Prof. Michael A. Wride (Assistant Professor)


Work in the Ocular Development and Neurobiology research group is mainly concerned with the basic cellular, developmental and molecular genetic mechanisms that underlie the formation of the eye, an organ that Darwin described as one of his “Organs of Extreme Perfection and Complication” in 'The Origin of Species'.

Specifically, we are interested in the development and ageing of the lens and retina. Both are classic systems in developmental biology (e.g. Hans Spemann was awarded the 1935 Nobel Prize for Physiology or Medicine in part because of his work on lens induction. Furthermore, the study of the development of these essential components of the eye is highly relevant to gaining improved insights in to blindness caused by diseases such as cataract, glaucoma and age-related macular degeneration.


We use molecular biology techniques to investigate gene expression including RT-PCR/QPCR, microarray analysis, RNASeq, Western blotting, immunofluoresence microscopy, laser scanning confocal microscopy, histology and manipulation of genes/proteins of interest in tissue and cell culture and in vivo.

The molecular basis of lens development, ageing and cataract:

We are interested in the development of the ocular lens. The lens is comprised of two cell types: the lens epithelium at the anterior, which contains a stem cell population, and the lens fibre cells, which are derived from the differentiation of lens epithelial cells (See Figure 1). In particular, we have been studying the development of the secondary lens fibres, which undergo a process of organelle loss, including loss of nuclei. This process is essential for lens transparency. In order to clear itself of organelles, the lens uses cell death or apoptosis signalling pathways and various proteases. It is becoming apparent that defects in this process can cause cataract. We are also interested in using the lens to gain insights into molecules that regulate both cell proliferation and cell death, such as the tumour suppressor p53 and its regulator Mdm2 (see Figure 2).

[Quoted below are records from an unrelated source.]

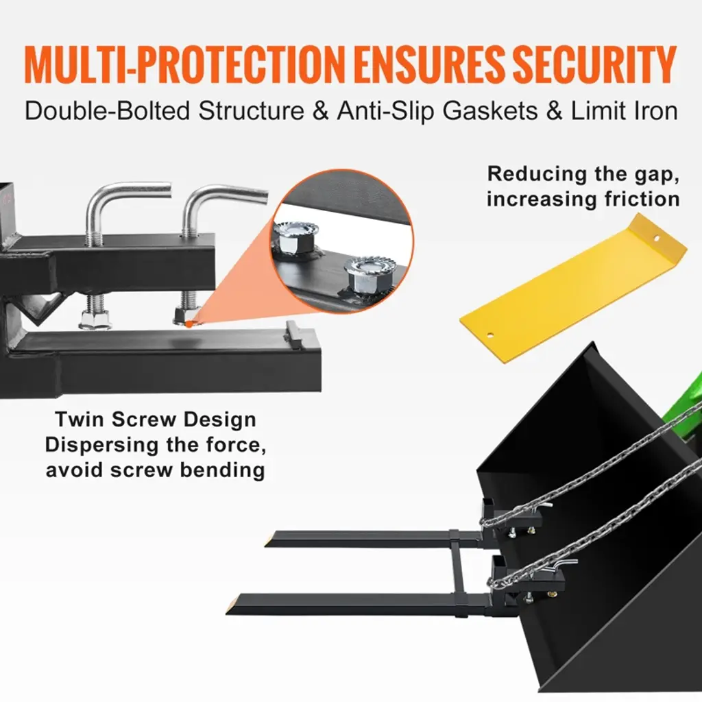 VEVOR Pallet Forks, 2000 lbs Clamp on Pallet Forks, 43" Total Length Heavy Duty Pallet Forks with Adjustable Stabilizer bar, Tractor Bucket Forks for Tractor Attachments, Skid Steer, Loader Bucket Description: 4000 LBS Capacity: Made from durable square steel tubing, these pallet forks can easily handle your everyday needs without bending or breaking under pressure. Reinforced Bolts & Screws: With reinforced bolts and grooved screw heads, our clamp on pallet fork is built to last. Adjustable Stabilizer Bar: The stabilizer bar can be adjusted between 19.5" and 36”. You'll never have to worry about heavy loads causing your forks to separate. Stay safe while getting your farming and gardening tasks done. Easy Installation & Versatile: Our tractor fork is designed to handle a variety of tasks. Simply slide the fork over the cutting edge of your bucket and clamp it down to lock it in place. You can use it to move logs, wood, and firewood, transport fence posts and hay bales, clear debris and bushes, and more. Product Dimensions: This pallet fork for tractor and bucket measures 60" overall length, with a 43" fork blade. The blade has a height of 2" and a width of 2.75". The gap between the lip of the bucket and the blade is 2.95". The adjustable range of the stabilizer bar is 19.5" to 36 "W. Each package contains 1 x fork, 1 x stabilizer bar, and 1 x user manual. Package Content: 1 x Pallet Fork 1 x Manual
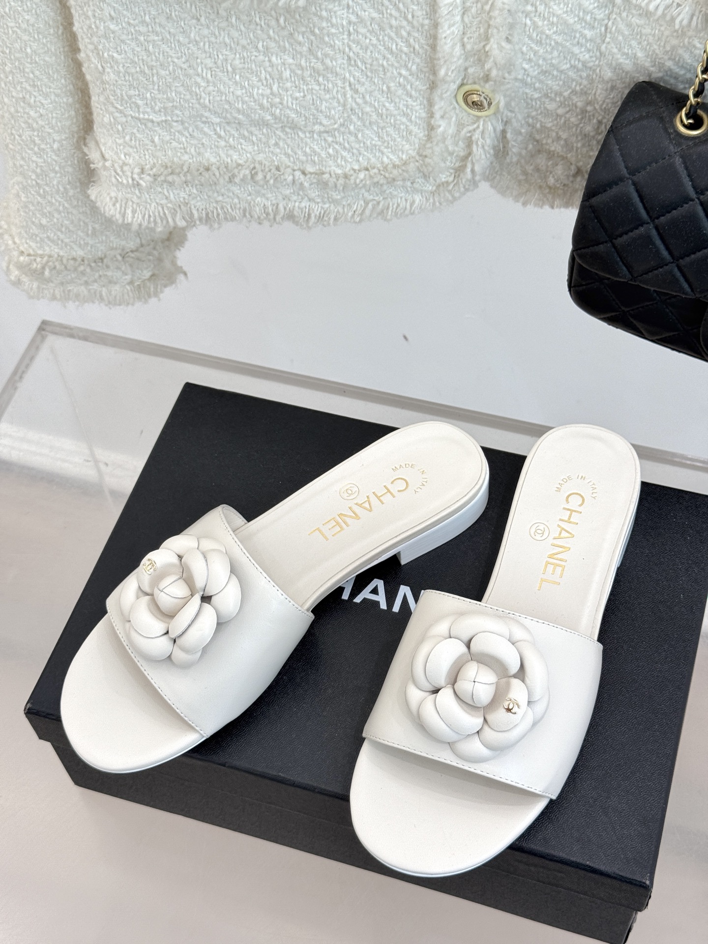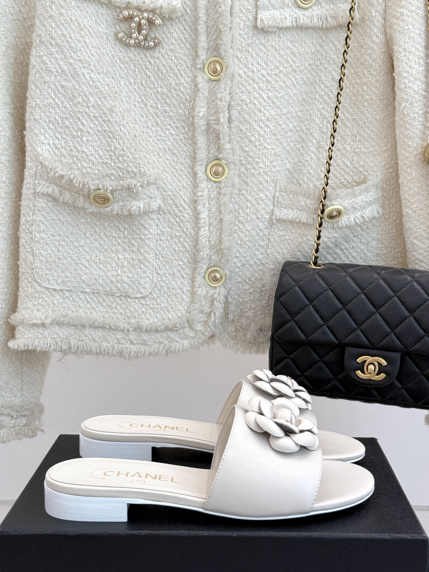 샤넬 까멜리아 뮬 슬리퍼
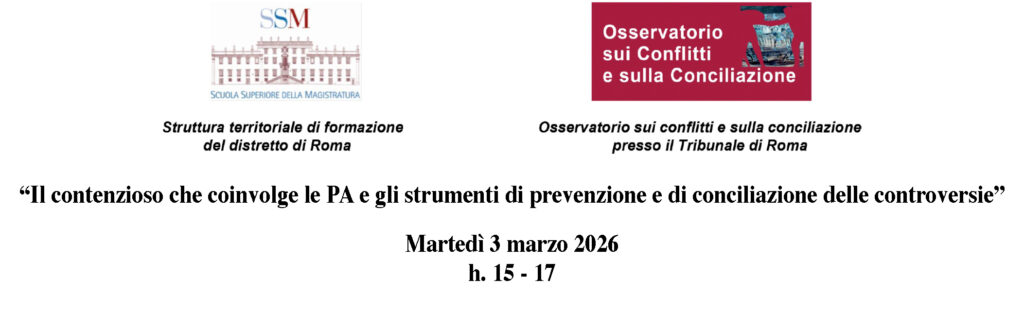 Si terrà in data martedì 3 marzo 2026 la 1a Officina della Conciliazione di quest’anno, come di consueto organizzata in collaborazione tra l’Osservatorio sui Conflitti e sulla Conciliazione e la Formazione Decentrata della Scuola Superiore della Magistratura.
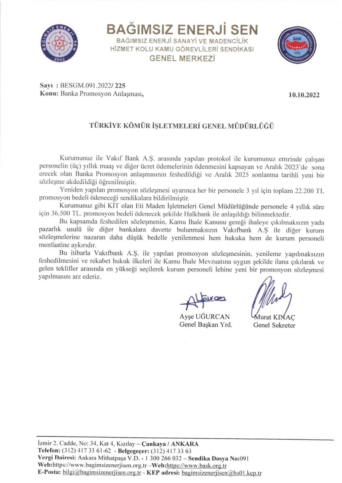 Türkiye Kömür İşletmeleri Genel Müdürlüğü nezdinde banka promosyonu talep yazımız.
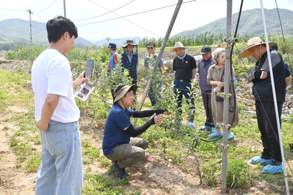 | 청송군이 고품질 생산을 위한 선도농업인 맞춤형 현장특화교육을 통해 중·소농 소득격차 해소를 목적으로 2024년 경북농민사관학교 첨단기술 현장특화교육과정(사과)을 개설한다.
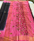 Shaded bhagalpur zari checked saree comes with emb pallu and plain blouse pc
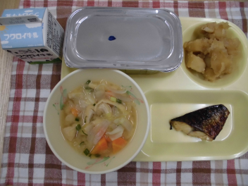今日の魚は「さば」です。「さば」は、DHA、EPAなどの不飽和脂肪酸を豊富に含んでいて、悪玉コレステロールや中性脂肪を減らし、善玉コレステロールを増やす働きがあります。そのため生活習慣病から体を守ってくれます。今日は、さばを塩こうじで漬け込み味をつけ、さばの塩こうじ焼きにしました。ごはんによく合うおかずです。

Cataract is a clouding of the lens of the eye, which impedes the passage of light to the retina causing low vision or complete blindness. It results from ageing of the lens and with mutations in lens development genes and is one of the priority eye diseases of the World Health Organisation (WHO). There is still no known means of preventing this and although it is quite successfully treatable by implanting artificial lenses in to the eye, in some cases this procedure is itself associated with complications, such as posterior capsule opacification (PCO) requiring further treatment.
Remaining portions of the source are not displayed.